_PROBLEM DESCRIPTION_. Your answer should consist only of the lines below from the one with "Chaps Boys Large" through the one with "뽀글이 기모안감 양털 리본 스트랩 메리제인 겨울 여자 플랫슈즈", copied exactly.

_DATA SUPPLIED_.
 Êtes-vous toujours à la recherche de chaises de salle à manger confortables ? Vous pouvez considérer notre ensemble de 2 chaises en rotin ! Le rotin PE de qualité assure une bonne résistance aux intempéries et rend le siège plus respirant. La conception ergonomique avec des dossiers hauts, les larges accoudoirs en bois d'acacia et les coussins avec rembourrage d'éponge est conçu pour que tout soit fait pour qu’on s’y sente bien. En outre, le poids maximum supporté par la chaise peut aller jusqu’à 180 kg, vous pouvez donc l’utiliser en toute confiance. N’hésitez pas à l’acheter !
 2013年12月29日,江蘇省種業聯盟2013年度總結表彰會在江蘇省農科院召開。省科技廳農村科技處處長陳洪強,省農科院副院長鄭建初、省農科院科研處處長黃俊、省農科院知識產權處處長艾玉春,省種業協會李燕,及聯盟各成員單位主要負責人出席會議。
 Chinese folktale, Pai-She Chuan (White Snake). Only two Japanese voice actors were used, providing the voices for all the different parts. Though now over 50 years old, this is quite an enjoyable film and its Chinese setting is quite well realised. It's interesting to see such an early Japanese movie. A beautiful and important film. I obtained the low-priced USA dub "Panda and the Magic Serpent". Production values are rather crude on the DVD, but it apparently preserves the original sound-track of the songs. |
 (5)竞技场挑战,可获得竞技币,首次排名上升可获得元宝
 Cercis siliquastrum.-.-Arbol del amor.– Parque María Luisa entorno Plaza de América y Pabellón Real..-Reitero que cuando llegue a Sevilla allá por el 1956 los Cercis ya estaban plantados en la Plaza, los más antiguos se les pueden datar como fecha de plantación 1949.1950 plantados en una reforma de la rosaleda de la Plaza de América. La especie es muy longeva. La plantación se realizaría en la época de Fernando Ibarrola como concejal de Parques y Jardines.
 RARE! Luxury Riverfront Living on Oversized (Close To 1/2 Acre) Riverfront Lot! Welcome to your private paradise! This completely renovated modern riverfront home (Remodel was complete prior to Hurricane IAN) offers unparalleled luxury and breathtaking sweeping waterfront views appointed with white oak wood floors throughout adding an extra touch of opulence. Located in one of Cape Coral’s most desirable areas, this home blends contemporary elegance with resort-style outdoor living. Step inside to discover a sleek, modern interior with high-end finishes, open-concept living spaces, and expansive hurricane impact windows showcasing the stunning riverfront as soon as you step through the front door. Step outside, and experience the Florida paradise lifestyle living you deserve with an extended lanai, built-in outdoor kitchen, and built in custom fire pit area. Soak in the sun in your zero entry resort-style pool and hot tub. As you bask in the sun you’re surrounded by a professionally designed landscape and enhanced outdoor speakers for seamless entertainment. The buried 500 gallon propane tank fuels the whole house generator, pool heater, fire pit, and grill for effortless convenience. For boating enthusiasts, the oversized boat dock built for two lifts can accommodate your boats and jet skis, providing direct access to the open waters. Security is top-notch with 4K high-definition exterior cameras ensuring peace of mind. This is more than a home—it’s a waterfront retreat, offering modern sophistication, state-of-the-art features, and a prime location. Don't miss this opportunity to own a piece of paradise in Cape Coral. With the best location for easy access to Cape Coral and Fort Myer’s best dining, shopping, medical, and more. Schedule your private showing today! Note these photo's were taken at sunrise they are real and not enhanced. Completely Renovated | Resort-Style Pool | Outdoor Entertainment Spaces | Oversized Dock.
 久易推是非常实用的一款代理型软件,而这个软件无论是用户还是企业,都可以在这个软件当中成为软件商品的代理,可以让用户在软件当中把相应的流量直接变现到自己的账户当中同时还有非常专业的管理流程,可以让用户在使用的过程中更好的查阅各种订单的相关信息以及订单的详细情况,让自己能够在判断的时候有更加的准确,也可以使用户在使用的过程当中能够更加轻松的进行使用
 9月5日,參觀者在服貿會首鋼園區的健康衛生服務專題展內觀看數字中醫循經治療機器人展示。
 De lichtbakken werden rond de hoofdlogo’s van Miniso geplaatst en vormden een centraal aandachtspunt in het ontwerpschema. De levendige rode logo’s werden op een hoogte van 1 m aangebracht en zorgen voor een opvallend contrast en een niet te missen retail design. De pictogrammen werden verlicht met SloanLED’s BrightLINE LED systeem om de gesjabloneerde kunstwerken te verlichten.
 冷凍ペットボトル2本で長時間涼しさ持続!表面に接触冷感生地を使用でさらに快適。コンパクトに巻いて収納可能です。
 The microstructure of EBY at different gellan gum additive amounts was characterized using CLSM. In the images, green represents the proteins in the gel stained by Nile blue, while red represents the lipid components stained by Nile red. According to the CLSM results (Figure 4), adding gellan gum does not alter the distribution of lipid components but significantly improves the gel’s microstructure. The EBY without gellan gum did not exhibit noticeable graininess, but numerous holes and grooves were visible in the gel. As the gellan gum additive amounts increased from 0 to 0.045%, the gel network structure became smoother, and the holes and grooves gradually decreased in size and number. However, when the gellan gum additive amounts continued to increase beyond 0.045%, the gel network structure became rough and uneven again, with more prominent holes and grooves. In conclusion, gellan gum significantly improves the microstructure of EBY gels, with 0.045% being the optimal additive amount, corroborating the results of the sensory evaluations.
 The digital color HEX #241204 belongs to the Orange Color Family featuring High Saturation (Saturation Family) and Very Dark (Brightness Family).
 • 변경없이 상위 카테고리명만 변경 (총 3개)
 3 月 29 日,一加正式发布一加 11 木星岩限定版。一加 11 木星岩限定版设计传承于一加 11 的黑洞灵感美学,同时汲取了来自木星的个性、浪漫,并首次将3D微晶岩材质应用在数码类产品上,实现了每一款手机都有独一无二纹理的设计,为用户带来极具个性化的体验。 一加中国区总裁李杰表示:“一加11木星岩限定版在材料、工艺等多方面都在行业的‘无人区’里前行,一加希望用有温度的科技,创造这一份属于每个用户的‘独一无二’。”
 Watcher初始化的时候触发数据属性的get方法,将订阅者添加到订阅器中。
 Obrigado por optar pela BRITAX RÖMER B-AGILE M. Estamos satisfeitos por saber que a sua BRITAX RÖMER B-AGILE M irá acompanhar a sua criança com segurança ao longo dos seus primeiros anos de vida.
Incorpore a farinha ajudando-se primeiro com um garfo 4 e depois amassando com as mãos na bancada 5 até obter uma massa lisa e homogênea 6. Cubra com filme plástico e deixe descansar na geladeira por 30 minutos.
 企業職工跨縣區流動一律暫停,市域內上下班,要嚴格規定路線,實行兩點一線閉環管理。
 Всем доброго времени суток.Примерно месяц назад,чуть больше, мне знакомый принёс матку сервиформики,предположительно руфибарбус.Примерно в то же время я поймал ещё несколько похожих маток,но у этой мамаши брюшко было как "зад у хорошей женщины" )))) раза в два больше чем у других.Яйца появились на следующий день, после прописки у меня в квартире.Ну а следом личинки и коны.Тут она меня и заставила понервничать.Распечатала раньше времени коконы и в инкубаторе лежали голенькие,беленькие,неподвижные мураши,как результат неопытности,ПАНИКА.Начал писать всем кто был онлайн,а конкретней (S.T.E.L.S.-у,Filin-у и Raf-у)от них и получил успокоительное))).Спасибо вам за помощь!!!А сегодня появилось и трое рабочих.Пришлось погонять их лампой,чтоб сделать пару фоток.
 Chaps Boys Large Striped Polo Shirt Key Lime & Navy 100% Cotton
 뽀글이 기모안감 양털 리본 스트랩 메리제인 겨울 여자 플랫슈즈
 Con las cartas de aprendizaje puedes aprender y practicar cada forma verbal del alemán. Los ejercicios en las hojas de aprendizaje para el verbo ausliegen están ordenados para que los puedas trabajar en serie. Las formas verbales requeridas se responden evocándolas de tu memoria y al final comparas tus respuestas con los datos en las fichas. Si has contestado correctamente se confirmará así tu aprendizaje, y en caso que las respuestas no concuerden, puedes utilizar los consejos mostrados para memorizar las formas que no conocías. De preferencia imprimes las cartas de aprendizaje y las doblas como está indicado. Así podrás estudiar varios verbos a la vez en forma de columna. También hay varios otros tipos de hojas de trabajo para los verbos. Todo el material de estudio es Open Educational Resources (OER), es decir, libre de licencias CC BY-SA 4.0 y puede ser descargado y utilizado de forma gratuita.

_ANSWER SPACE_.
 Chaps Boys Large Striped Polo Shirt Key Lime & Navy 100% Cotton
 뽀글이 기모안감 양털 리본 스트랩 메리제인 겨울 여자 플랫슈즈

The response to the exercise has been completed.